Many people believe that they must purchase an entire BTC; however, this is not true. With the wide selection of exchanges and crypto brokers today, it’s possible to break down your investment and purchase just a fraction of an asset.

So, if you don’t have the funds to buy a whole bitcoin, you can buy a tenth of it, or even much less. So you see, such Bitcoin myths are just nonsense and utterly false!!

There are also formal sub-units of BTC known as Satoshi, and you can buy a lot of them for $100-$200. 

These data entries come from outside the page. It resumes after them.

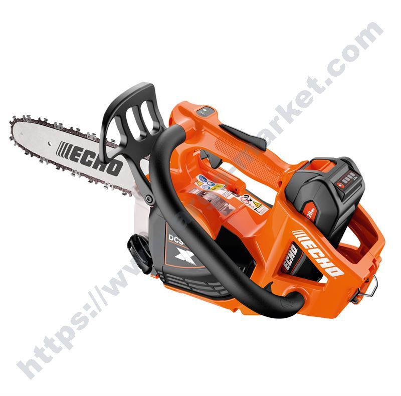 Професионален акумулаторен трион Echo, 56 V, стъпка на веригата 0,325, 1,1 мм, шина 35 см, тегло 2,2 кг, работа до 25 минути с 2,3 Ah, до 51 минути с 4,5 Ah, цената не включва батерия и зарядно, произход 100% Япония.
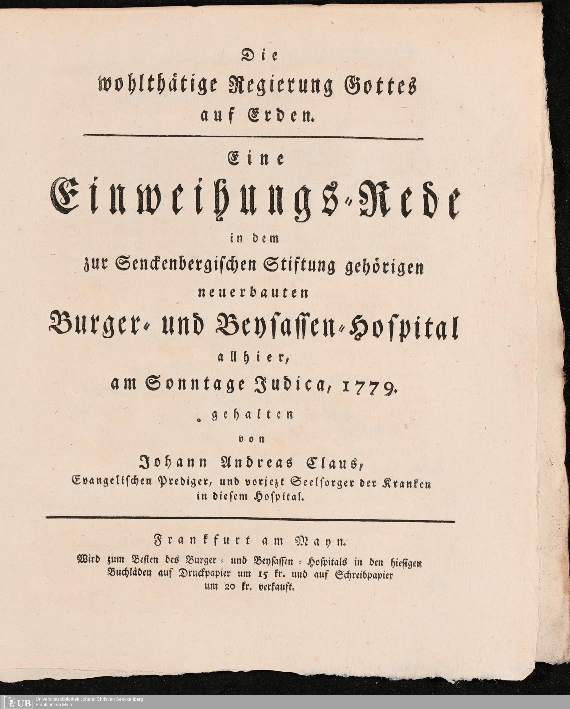 B 5 Dr. Senckenbergische Stiftung, 190 - Einweihungsrede im Bürgerhospital
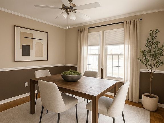 - Ceiling Fan(s), Separate/Formal Dining Room, Eat-in Kitchen, Solid Surface Counters, Natural Woodwork
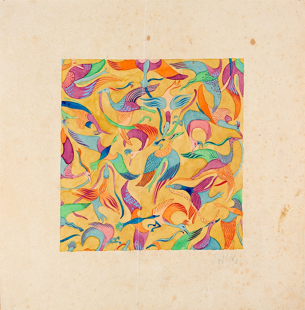 Um 1937 entstandener Textilentwurf. Nach Abschluss seiner Ausbildung bei Itten in Krefeld ging Trökes mit einem Empfehlungsschreiben von Johannes Itten nach Augsburg zur Firma Bemberg als Musterzeichner. So konnte er sich in der Zeit des Nationalsozialismus als Maler finanzieren.
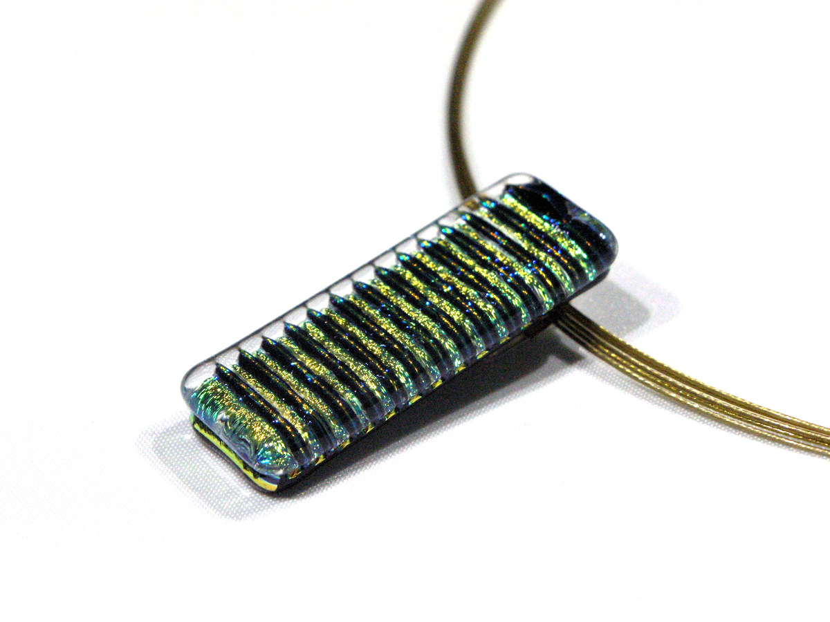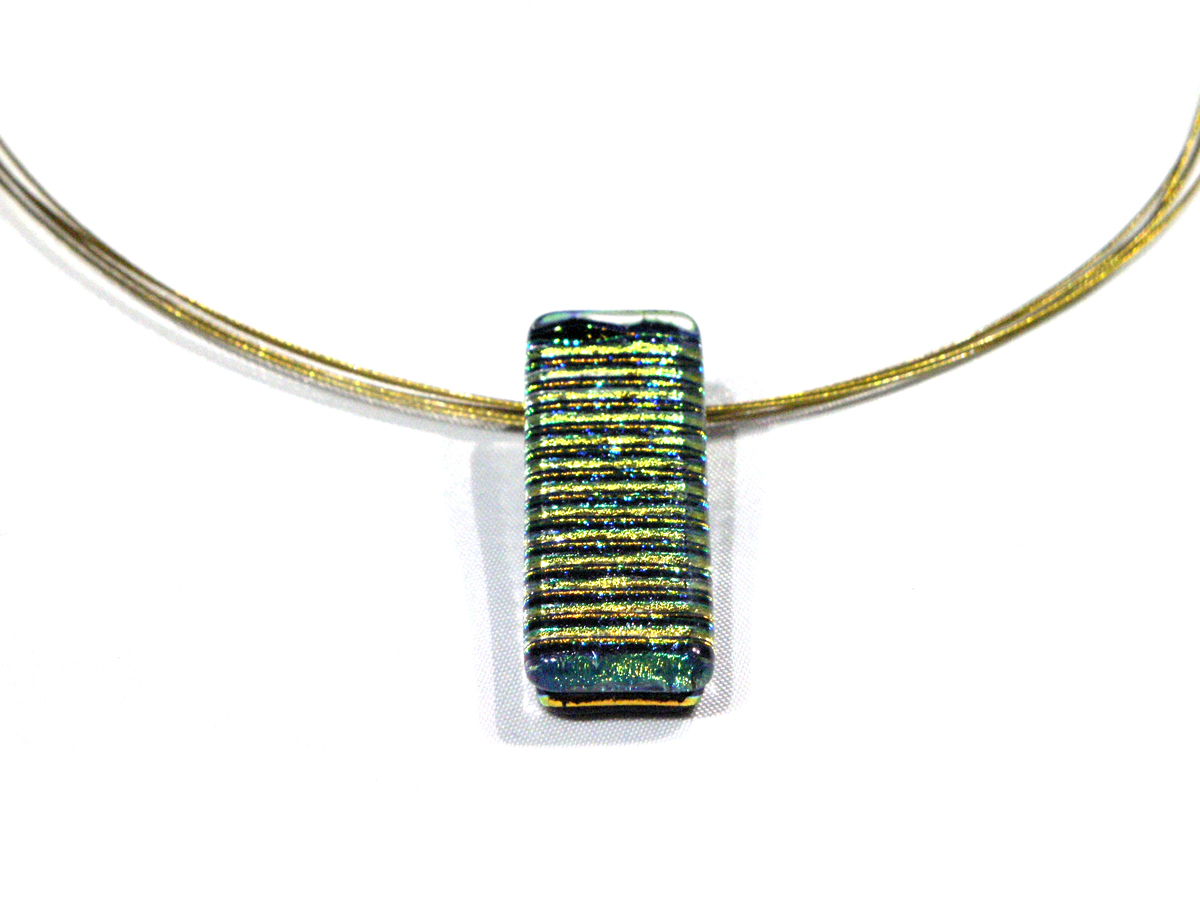 Diese Dichroic Halskette hat einen Anhänger aus Glas in der Größe von ca. 3cm x 1cm und wiegt ca. 15g. Die Grundfarbe dieses Anhängers ist gold streifen.
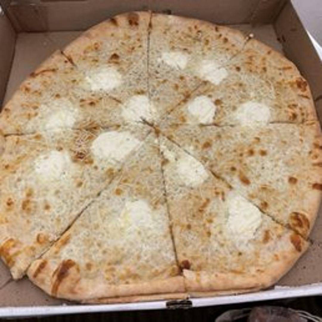 A whole pizza featuring a creamy white sauce base and a blend of four cheeses including mozzarella, provolone, parmesan, and ricotta, baked to bubbly perfection.
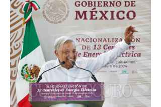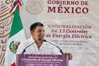TAMAZUNCHALE, SAN LUIS POTOSÍ, 27FEBRERO2024.- Andrés Manuel López Obrador, Presidente de México, encabezó la ceremonia de Nacionalización de 13 centrales de energía eléctrica en la Central de Ciclo Combinado Tamazunchale II. Lo acompañaron José Ricardo Gallardo Cardona, gobernador Constitucional del Estado de San Luis Potosí; Rogelio Ramírez de la O, secretario de Hacienda y Crédito Público; y Manuel Bartlett Díaz, director general de la Comisión Federal de Electricidad. FOTO: PRESIDENCIA/CUARTOSCURO.COM
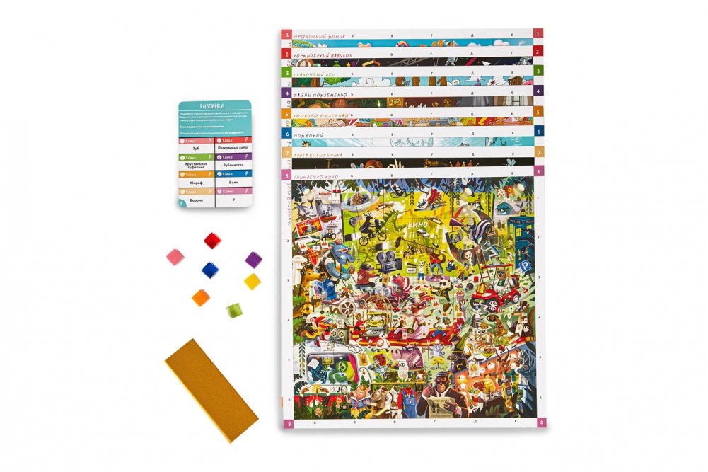 • "Улика" – объяснять ничего не нужно. Все игроки ищут загаданную деталь на скорость.
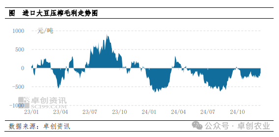 周内进口大豆压榨企业的理论毛利呈现亏损状态,平均亏损水平达176.06元/吨
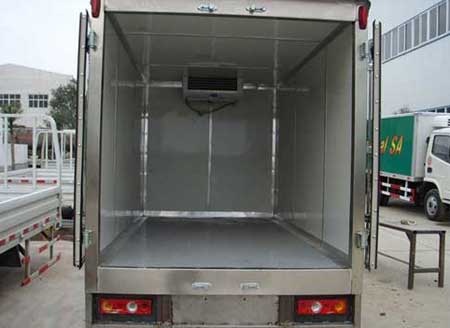 6.6萬福田寶瑞-5度冷藏車現車銷售中,BJ5046XLC-A1型福田寶瑞冷藏車采用安徽全柴82馬力柴油發動機,油耗低,動力足。采用寶瑞1車身,1640寬單排駕駛室,5-20變速箱,3噸后橋,6.00-15輪胎,鉚接140車架,電控熄火,暖風,廂體采用內外玻璃鋼板材制作,厚度5cm,中間聚氨脂發泡,真空負壓,廂體底部是鋁合金防滑花紋板,廂體外部鋁合金包邊,主要適合城市運輸,滿足超市、食品經銷商,防疫部門,醫藥公司的貨物配送,小型冷藏車首選!6.6萬福田寶瑞K1冷藏車圖片展示:

Buying a small amount of Bitcoin is still better than buying a large number of worthless altcoins. Maintain 50-60% of your money in BTC and keep it safe in crypto wallets like the Ledger Nano S. Don’t fall for cheap coins because many of them may not see another day.

7. Bitcoin is a Money-laundering Scheme

Bitcoin is not a money-laundering scheme.

At its core, money laundering is always the same process, it’s about converting illegally obtained money into money that appears to have been legally obtained.

Bitcoin is one of the worst options to use in a money laundering scheme as every transaction on Bitcoin blockchain gets recorded on an immutable ledger. Then using the transaction hash one can simply track down the BTC back to its origin(mined). 

Hence, using Bitcoin to launder money will leave a straight up trail back to the launderer. 

Final Thoughts

Numerous Bitcoin myths regarding Bitcoin and fallacies about other cryptocurrencies have led people to believe it isn’t safe to use or invest in, which is far from the case. These myths are frequently repeated because they appear to make sense on the surface – but when you think about them objectively, you’ll see them for what they really are: baseless rumours.